**TASK TO COMPLETE:**
Return, with both end lines included, exactly what the data below holds from the line with "車いす利用者の 移動支援" through the line with "KINZA Two-Tiered Wooden Meal Box", though not the pictures.

(Source records)

=====

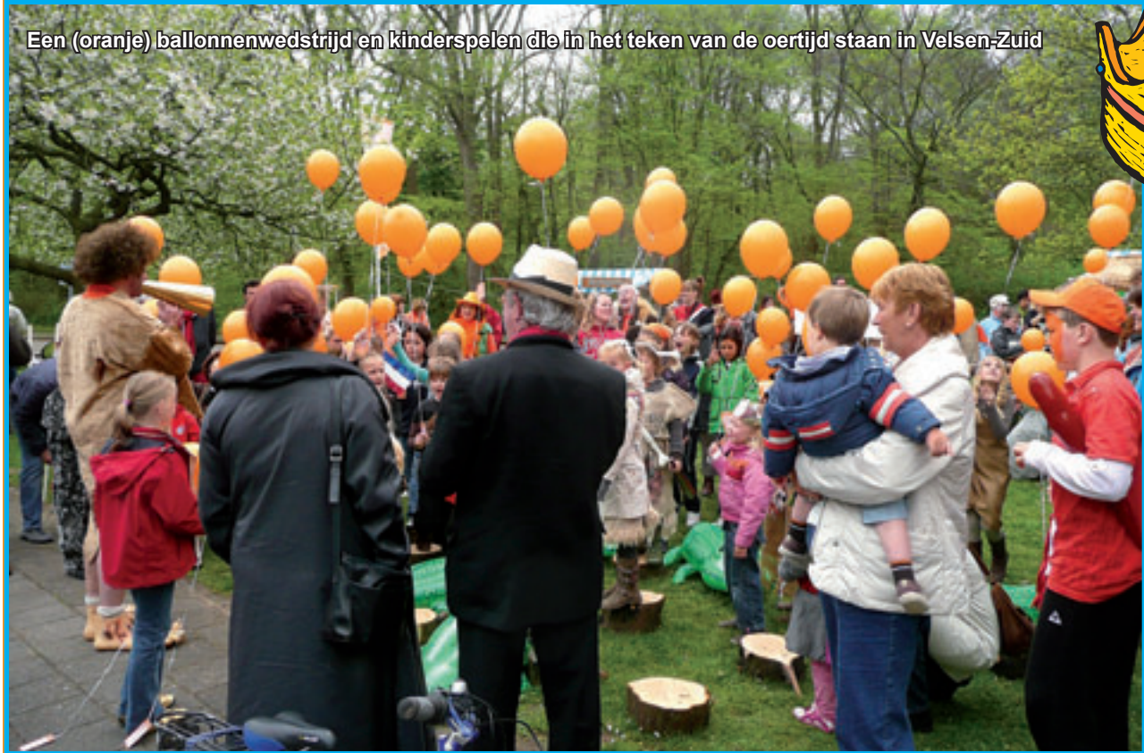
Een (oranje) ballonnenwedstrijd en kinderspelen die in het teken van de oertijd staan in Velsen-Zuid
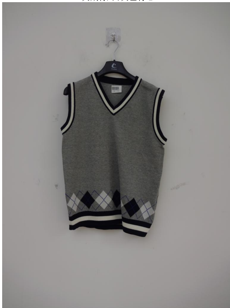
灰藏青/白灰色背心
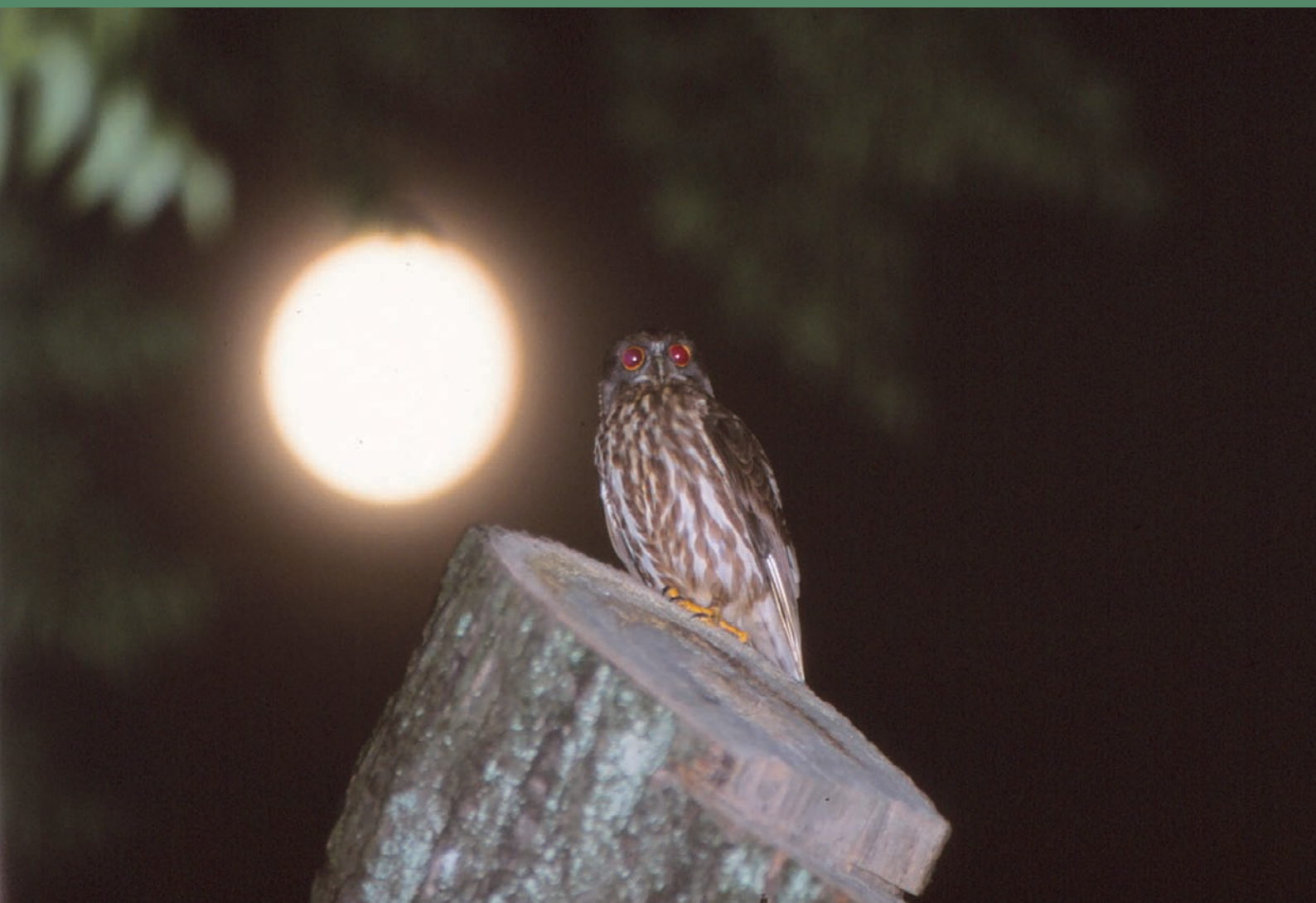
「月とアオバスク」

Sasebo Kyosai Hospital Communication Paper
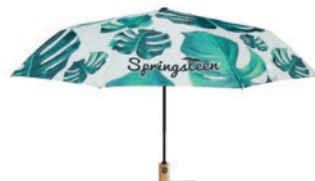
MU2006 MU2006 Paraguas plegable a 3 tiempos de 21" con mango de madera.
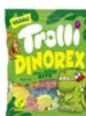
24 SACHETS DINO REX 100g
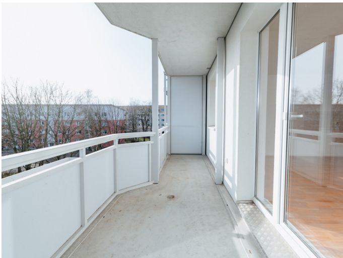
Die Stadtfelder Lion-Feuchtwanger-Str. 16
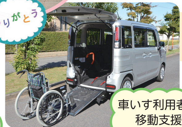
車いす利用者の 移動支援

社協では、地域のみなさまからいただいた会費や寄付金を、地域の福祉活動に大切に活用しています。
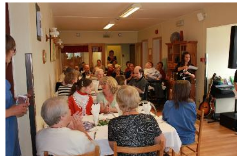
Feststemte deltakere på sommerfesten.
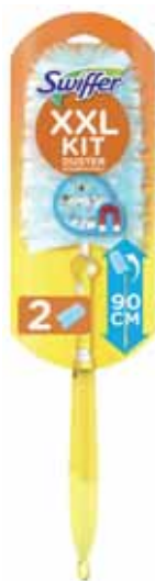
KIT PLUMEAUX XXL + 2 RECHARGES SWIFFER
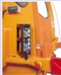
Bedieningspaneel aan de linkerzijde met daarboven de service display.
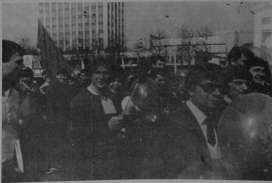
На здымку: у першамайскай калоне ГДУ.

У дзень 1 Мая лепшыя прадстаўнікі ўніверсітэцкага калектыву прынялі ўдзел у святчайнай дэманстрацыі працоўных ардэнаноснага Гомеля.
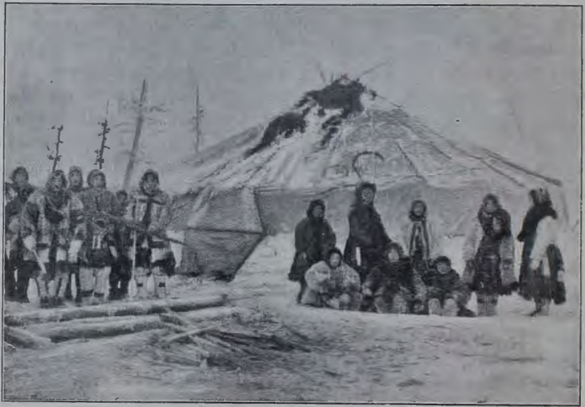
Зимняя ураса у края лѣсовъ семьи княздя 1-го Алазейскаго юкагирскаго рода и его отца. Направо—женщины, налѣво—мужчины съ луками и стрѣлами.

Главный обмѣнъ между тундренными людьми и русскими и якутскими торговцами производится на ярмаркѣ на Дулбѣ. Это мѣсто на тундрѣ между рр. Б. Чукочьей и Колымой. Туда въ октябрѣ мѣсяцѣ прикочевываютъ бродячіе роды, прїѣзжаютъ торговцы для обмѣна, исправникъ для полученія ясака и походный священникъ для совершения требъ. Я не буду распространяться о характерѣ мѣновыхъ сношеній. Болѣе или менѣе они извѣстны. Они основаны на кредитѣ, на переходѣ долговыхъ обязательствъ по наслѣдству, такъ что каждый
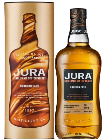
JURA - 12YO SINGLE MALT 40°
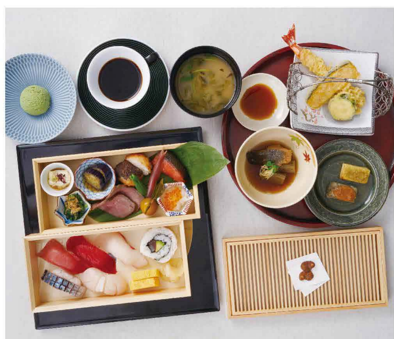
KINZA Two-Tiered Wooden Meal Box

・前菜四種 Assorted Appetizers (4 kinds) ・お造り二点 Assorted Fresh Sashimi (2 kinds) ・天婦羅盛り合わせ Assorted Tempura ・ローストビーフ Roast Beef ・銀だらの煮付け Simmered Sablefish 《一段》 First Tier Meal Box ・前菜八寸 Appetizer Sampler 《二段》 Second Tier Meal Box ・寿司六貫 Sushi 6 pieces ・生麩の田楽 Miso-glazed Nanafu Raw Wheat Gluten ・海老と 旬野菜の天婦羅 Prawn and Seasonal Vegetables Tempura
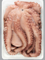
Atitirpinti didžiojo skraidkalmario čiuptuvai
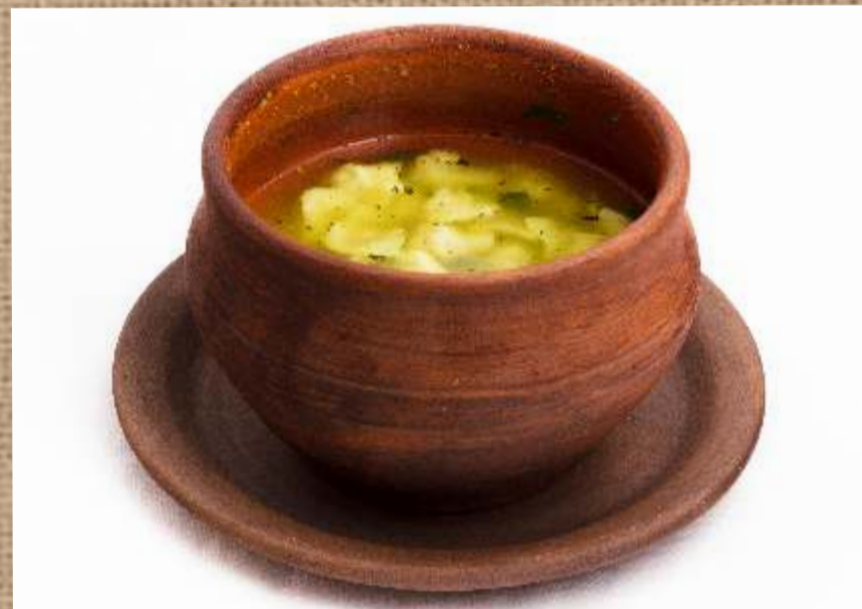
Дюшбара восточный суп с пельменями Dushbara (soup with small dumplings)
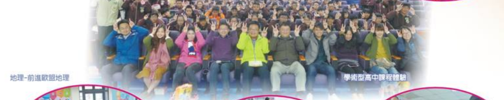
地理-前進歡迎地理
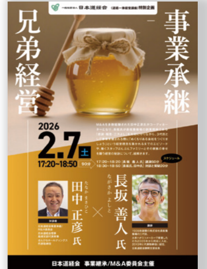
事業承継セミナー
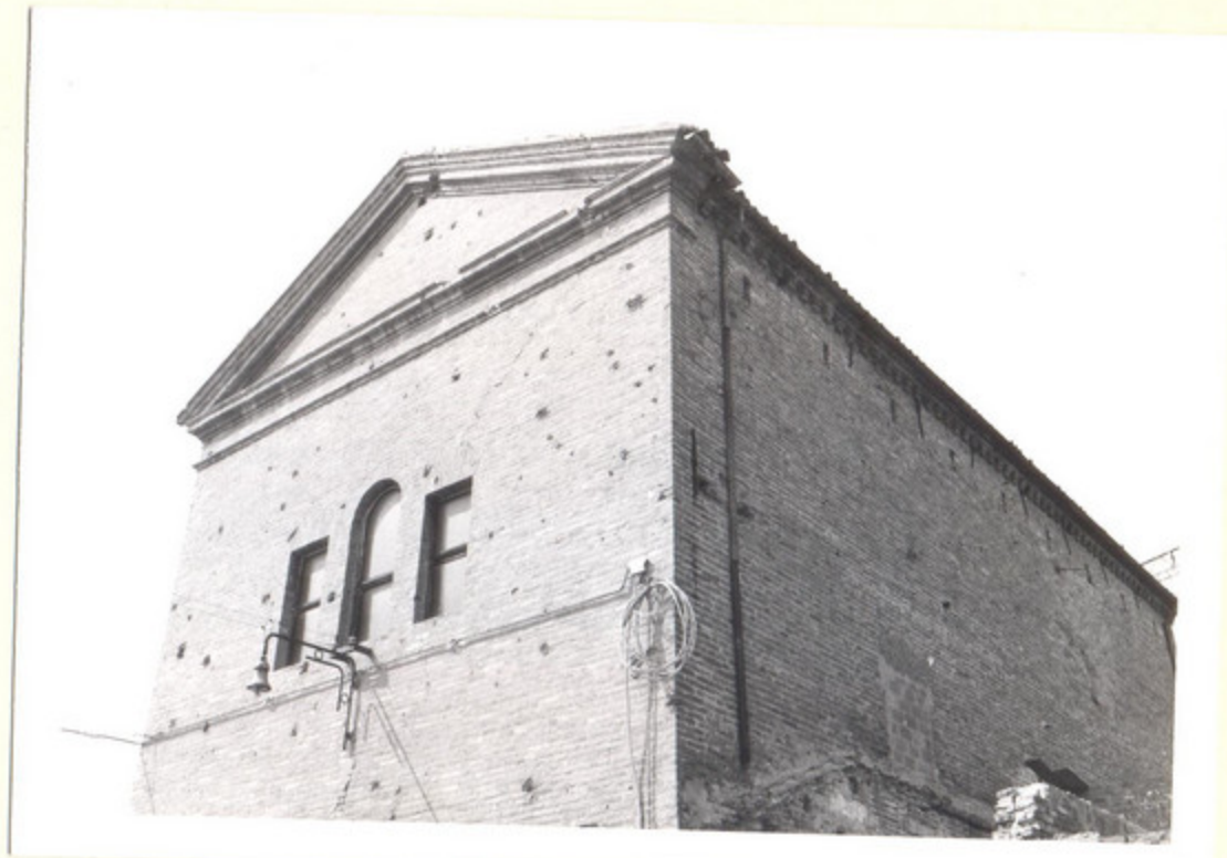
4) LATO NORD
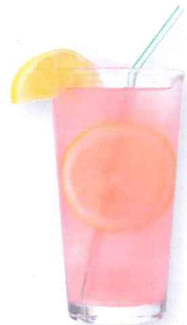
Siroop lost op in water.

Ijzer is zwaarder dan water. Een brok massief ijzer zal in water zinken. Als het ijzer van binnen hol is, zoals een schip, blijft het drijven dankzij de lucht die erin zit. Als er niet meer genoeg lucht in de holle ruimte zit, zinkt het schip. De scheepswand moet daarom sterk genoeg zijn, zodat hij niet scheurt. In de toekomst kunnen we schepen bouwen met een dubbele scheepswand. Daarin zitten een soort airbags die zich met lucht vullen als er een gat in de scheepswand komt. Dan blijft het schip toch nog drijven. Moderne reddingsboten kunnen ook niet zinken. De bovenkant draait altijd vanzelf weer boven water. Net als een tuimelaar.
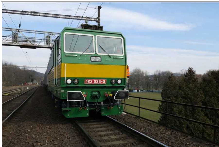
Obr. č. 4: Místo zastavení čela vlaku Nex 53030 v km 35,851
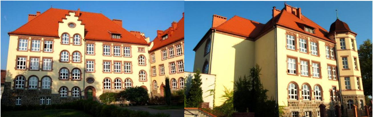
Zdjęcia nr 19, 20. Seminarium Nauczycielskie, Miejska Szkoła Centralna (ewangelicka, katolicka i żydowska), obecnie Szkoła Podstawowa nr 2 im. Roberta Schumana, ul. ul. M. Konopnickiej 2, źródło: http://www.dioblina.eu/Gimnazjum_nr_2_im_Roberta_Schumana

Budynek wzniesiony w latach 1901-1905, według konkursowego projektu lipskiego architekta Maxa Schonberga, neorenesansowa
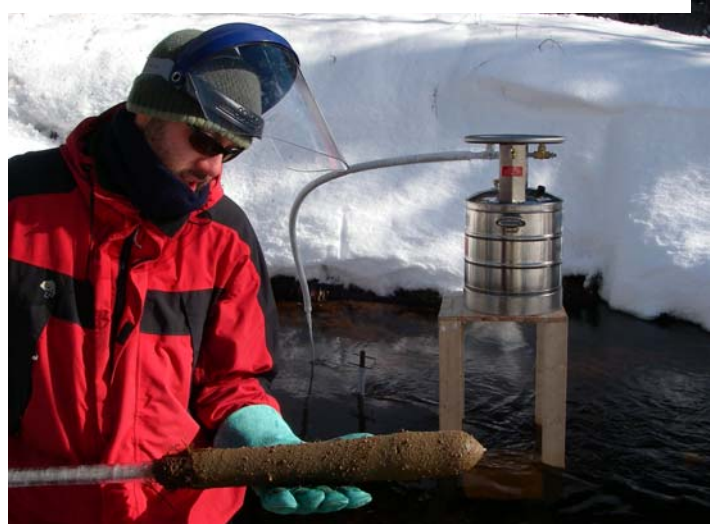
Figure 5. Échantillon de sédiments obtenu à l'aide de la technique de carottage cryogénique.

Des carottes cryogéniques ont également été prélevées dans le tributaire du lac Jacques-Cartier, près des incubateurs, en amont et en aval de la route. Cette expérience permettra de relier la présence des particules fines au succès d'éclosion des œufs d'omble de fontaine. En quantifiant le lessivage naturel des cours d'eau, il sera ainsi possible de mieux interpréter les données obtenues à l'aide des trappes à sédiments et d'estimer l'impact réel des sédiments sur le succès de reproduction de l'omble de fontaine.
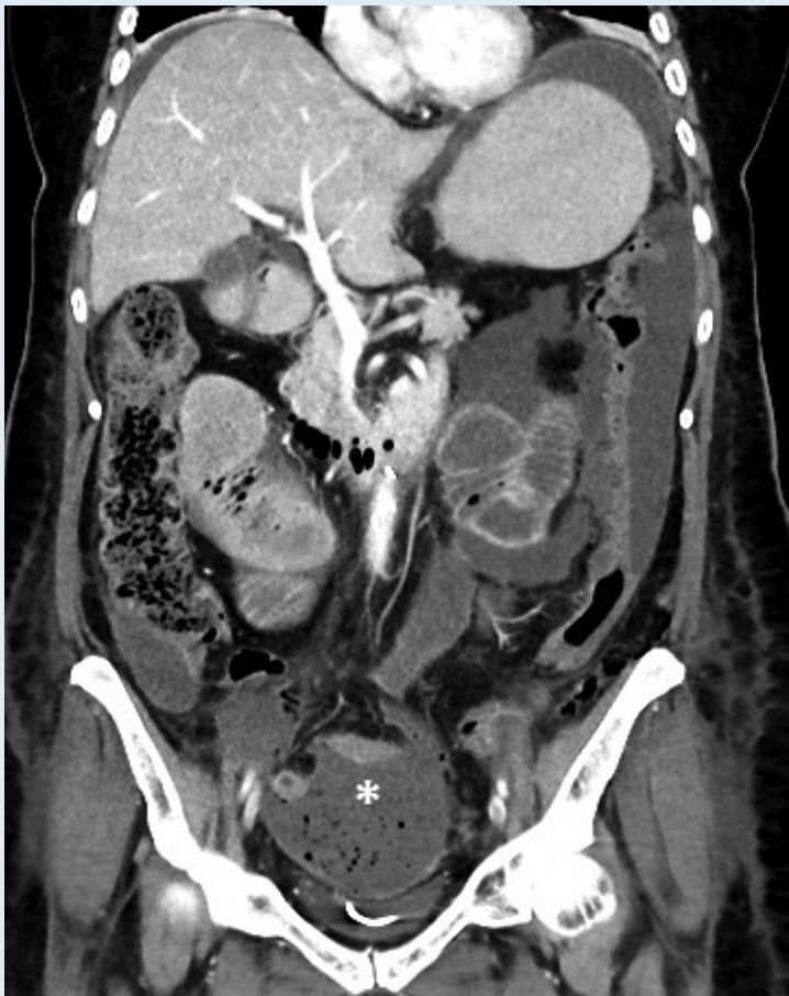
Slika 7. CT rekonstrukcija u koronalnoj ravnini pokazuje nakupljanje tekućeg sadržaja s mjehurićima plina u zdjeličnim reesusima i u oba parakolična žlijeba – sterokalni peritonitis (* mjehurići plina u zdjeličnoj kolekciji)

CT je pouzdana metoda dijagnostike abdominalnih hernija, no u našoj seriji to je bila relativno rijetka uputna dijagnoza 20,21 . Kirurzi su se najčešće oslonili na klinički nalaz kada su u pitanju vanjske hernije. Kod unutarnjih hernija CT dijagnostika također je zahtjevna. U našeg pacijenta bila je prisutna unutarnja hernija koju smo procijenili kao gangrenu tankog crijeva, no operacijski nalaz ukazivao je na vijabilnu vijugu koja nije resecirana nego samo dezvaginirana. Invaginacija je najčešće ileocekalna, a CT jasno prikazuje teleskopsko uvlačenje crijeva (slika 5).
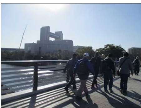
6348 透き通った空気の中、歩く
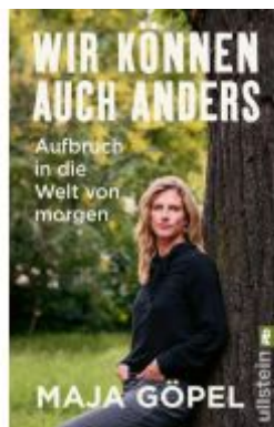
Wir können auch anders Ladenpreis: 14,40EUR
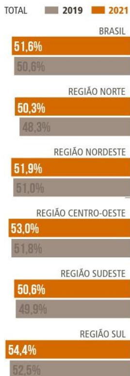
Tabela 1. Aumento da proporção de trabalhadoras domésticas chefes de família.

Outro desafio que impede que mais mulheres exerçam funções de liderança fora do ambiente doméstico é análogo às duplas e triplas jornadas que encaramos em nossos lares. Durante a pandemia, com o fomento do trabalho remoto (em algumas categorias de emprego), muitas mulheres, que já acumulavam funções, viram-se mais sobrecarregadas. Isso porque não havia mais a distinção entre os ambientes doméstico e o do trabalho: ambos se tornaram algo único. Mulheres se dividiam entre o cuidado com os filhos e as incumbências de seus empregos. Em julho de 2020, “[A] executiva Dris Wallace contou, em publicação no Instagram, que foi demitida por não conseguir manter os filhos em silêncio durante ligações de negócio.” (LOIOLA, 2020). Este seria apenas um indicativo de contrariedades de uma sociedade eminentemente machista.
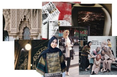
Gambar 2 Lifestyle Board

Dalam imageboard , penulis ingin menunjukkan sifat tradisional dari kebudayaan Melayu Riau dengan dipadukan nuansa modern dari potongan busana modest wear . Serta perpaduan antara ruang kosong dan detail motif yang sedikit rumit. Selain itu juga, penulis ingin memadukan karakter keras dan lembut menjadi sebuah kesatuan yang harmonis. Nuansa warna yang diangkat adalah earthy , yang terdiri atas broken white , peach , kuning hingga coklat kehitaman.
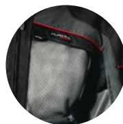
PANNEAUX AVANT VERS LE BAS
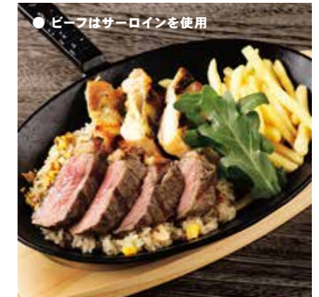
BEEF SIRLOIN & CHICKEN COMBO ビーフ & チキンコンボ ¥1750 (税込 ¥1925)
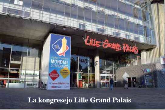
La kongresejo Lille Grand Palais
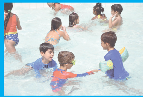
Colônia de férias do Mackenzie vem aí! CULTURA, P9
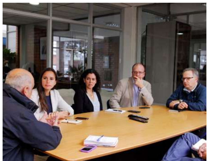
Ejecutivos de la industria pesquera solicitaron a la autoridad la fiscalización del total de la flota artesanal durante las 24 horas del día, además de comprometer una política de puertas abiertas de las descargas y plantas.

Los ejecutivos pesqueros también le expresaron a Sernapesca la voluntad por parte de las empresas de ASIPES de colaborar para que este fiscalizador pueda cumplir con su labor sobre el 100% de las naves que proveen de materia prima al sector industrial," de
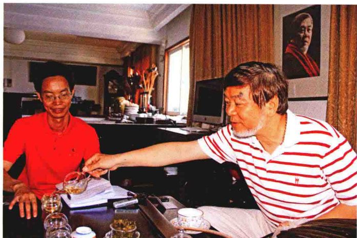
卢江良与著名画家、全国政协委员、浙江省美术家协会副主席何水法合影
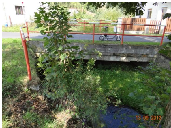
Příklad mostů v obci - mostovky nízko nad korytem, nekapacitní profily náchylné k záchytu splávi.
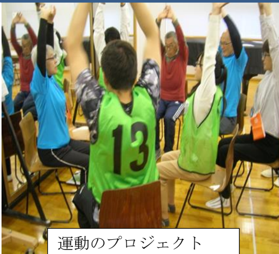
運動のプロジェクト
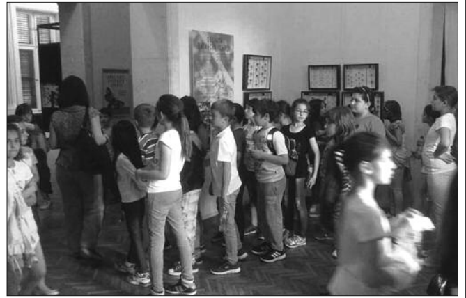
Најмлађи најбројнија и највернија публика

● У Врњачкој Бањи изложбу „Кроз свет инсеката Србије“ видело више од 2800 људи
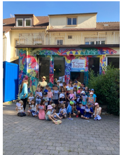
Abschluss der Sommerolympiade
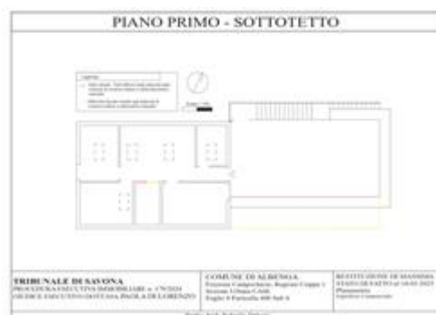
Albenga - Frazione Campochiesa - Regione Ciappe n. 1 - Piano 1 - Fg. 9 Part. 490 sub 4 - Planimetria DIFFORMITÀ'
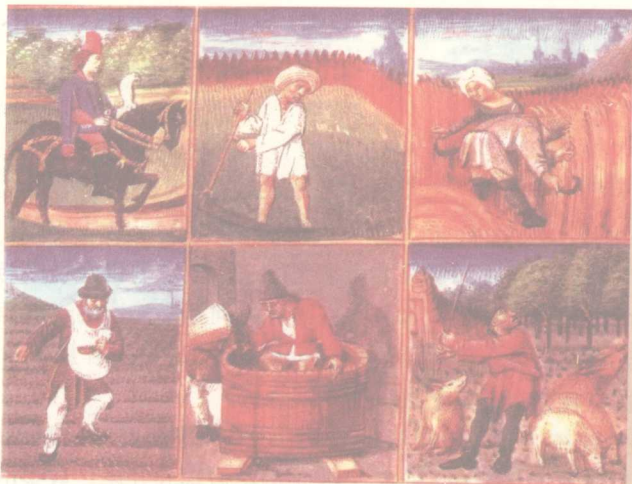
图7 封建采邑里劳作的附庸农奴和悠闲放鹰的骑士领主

=====

**ANSWER BOX:**
車いす利用者の 移動支援

社協では、地域のみなさまからいただいた会費や寄付金を、地域の福祉活動に大切に活用しています。
Feststemte deltakere på sommerfesten.
KIT PLUMEAUX XXL + 2 RECHARGES SWIFFER
Bedieningspaneel aan de linkerzijde met daarboven de service display.
На здымку: у першамайскай калоне ГДУ.

У дзень 1 Мая лепшыя прадстаўнікі ўніверсітэцкага калектыву прынялі ўдзел у святчайнай дэманстрацыі працоўных ардэнаноснага Гомеля.
Зимняя ураса у края лѣсовъ семьи княздя 1-го Алазейскаго юкагирскаго рода и его отца. Направо—женщины, налѣво—мужчины съ луками и стрѣлами.

Главный обмѣнъ между тундренными людьми и русскими и якутскими торговцами производится на ярмаркѣ на Дулбѣ. Это мѣсто на тундрѣ между рр. Б. Чукочьей и Колымой. Туда въ октябрѣ мѣсяцѣ прикочевываютъ бродячіе роды, прїѣзжаютъ торговцы для обмѣна, исправникъ для полученія ясака и походный священникъ для совершения требъ. Я не буду распространяться о характерѣ мѣновыхъ сношеній. Болѣе или менѣе они извѣстны. Они основаны на кредитѣ, на переходѣ долговыхъ обязательствъ по наслѣдству, такъ что каждый
JURA - 12YO SINGLE MALT 40°
KINZA Two-Tiered Wooden Meal Box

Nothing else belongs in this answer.